# Prompt
Copy the data exactly from the line that contains "De operationele data in" through the line that contains "Soi kèo hiệp 1 Daegu vs Gimcheon Sangmu", keeping both end lines and leaving out everything else.

# The records
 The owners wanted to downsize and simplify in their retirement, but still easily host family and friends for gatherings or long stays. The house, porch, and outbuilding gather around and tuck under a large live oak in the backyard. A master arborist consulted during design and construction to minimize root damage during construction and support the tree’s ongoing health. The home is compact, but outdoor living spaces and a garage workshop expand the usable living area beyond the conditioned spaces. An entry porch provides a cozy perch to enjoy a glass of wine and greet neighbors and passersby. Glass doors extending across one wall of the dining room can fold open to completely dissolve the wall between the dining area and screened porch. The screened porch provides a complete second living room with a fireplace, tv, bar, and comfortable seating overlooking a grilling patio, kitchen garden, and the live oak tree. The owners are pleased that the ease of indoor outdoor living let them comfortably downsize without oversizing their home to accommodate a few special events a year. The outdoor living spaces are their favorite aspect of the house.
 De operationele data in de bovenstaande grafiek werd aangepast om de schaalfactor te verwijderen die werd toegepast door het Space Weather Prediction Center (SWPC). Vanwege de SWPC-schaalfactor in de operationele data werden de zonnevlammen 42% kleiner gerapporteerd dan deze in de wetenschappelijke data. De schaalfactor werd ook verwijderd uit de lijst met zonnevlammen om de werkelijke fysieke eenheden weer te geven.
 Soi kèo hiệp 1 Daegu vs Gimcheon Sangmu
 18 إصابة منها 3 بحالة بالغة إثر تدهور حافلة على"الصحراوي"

...

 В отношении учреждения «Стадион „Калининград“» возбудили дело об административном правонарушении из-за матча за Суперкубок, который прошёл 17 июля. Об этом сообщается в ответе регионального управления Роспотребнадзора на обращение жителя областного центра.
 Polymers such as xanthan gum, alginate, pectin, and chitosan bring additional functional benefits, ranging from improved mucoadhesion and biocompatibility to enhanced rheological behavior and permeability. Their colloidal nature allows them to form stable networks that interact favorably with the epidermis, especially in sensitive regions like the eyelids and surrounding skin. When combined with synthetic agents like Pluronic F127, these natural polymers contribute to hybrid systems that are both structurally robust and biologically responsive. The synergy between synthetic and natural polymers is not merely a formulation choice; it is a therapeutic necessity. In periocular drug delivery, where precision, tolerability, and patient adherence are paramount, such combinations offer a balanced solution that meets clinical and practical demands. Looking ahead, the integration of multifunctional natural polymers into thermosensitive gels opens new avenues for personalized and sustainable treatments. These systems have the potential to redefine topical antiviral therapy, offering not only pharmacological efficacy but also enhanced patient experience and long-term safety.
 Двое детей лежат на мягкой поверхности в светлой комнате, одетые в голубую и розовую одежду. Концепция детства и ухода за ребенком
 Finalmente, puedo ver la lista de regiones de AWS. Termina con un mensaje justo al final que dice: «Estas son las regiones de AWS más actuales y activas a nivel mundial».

...

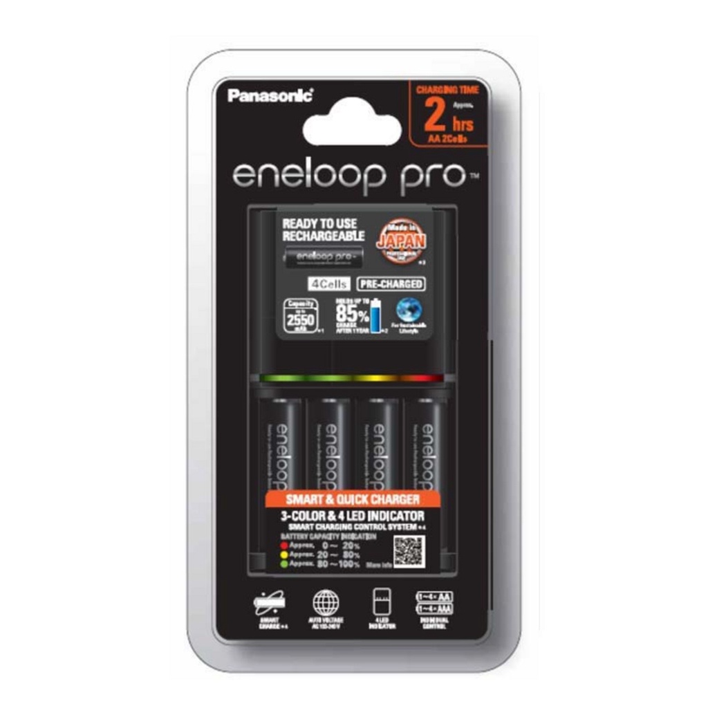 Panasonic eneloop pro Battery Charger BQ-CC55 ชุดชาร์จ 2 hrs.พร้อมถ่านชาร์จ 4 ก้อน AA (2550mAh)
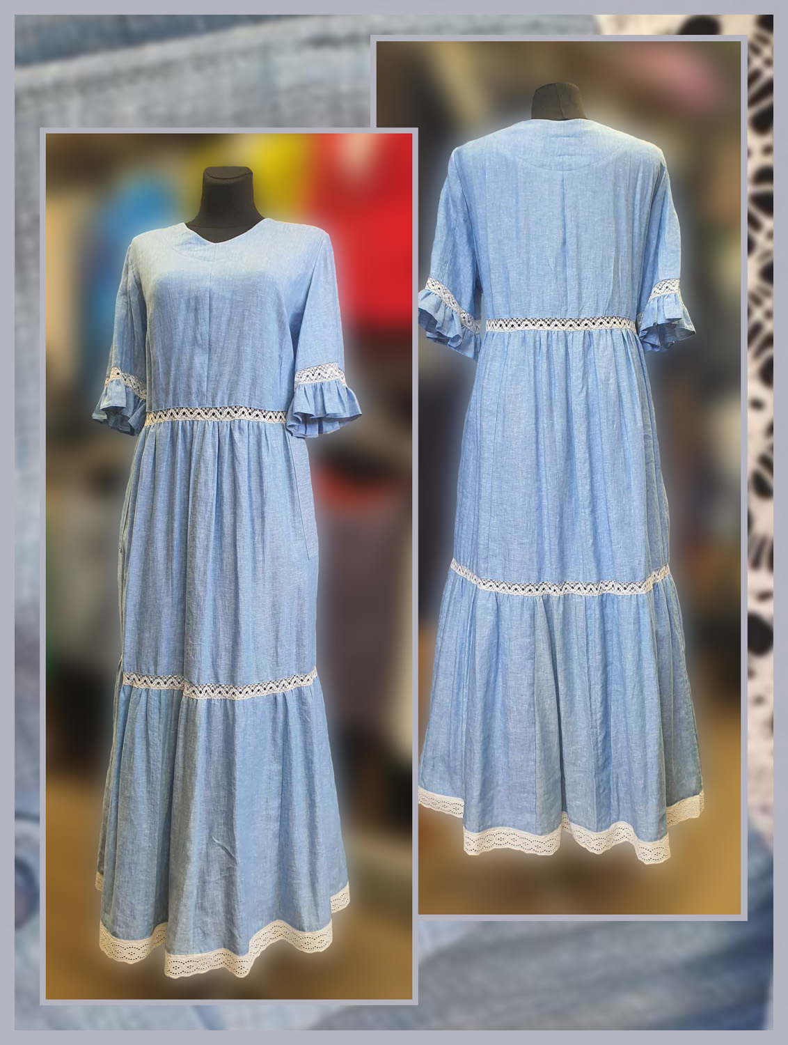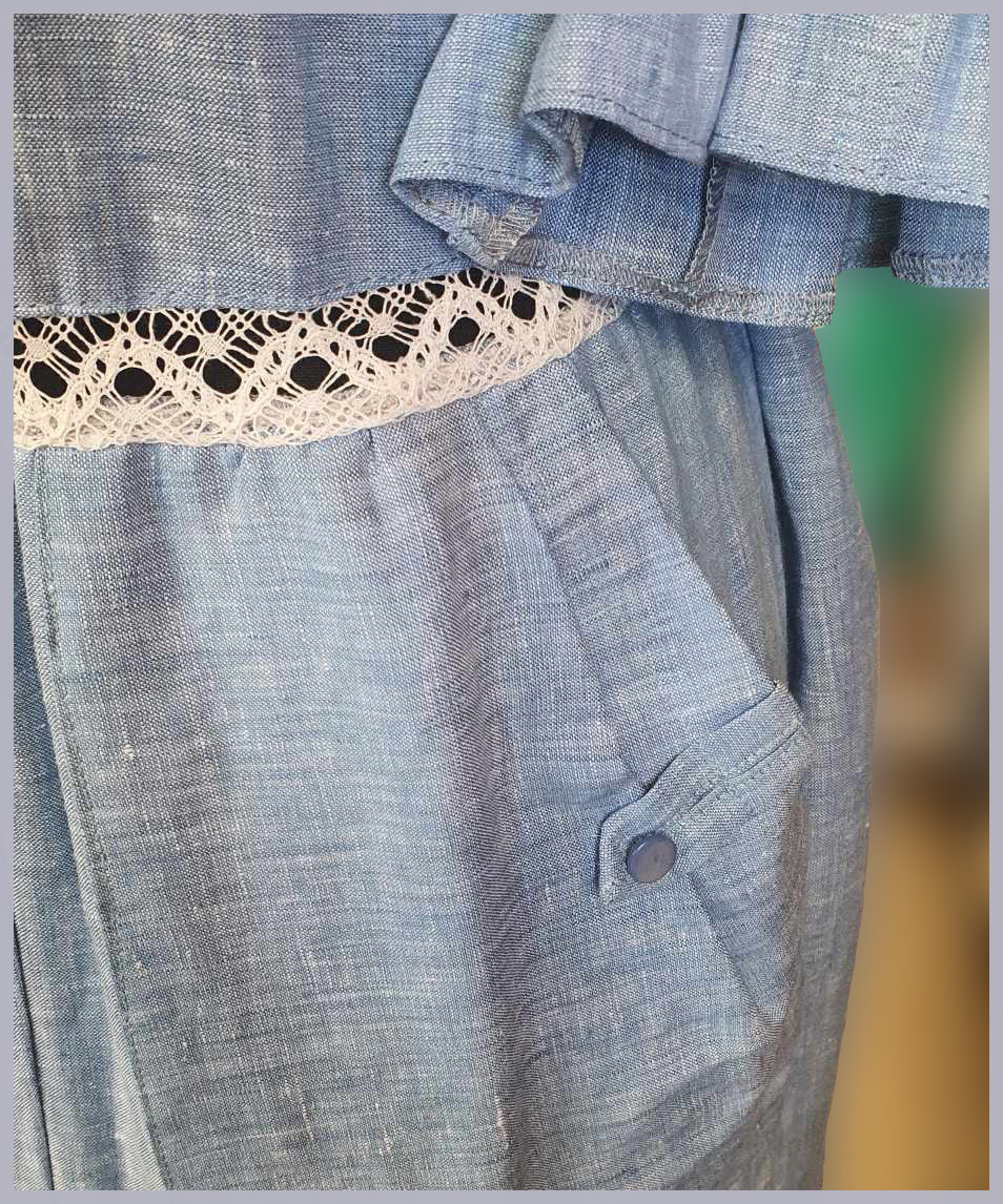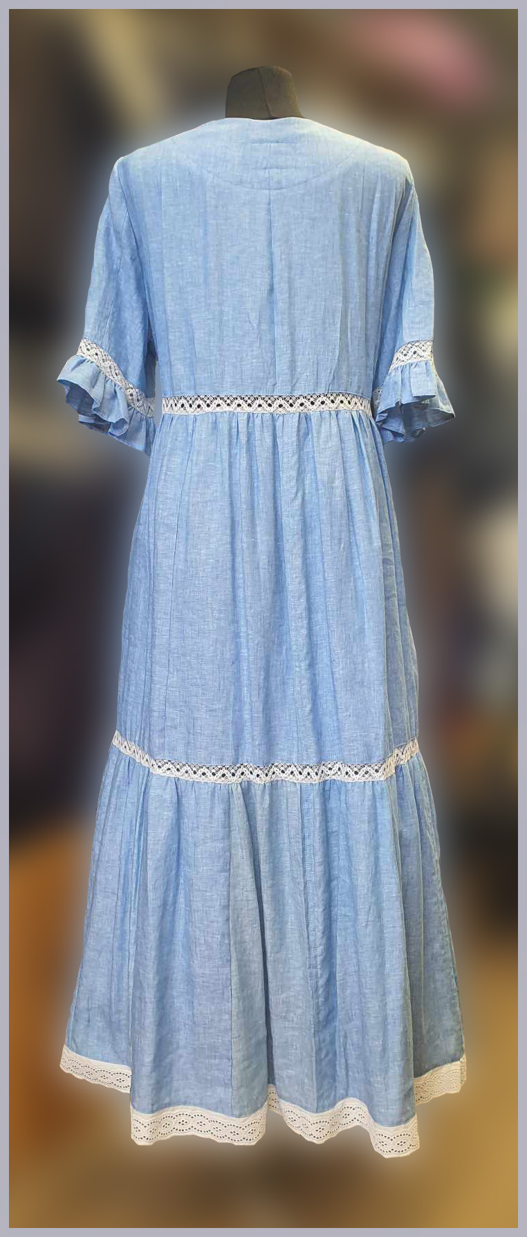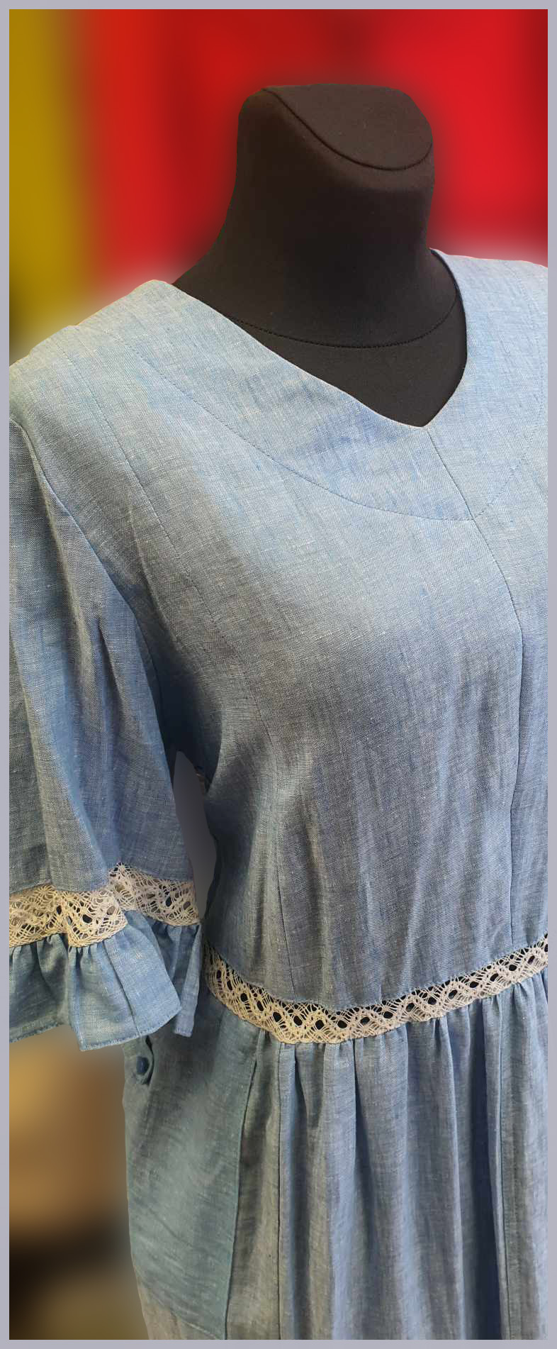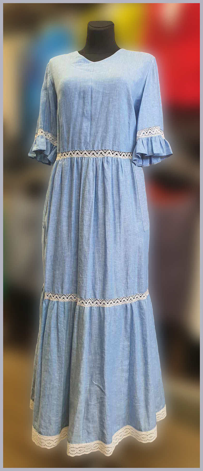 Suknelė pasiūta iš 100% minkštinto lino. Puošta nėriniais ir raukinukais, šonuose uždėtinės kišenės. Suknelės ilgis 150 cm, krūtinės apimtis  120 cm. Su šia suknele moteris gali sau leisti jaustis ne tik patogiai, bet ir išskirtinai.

# Exercise answer
 De operationele data in de bovenstaande grafiek werd aangepast om de schaalfactor te verwijderen die werd toegepast door het Space Weather Prediction Center (SWPC). Vanwege de SWPC-schaalfactor in de operationele data werden de zonnevlammen 42% kleiner gerapporteerd dan deze in de wetenschappelijke data. De schaalfactor werd ook verwijderd uit de lijst met zonnevlammen om de werkelijke fysieke eenheden weer te geven.
 Soi kèo hiệp 1 Daegu vs Gimcheon Sangmu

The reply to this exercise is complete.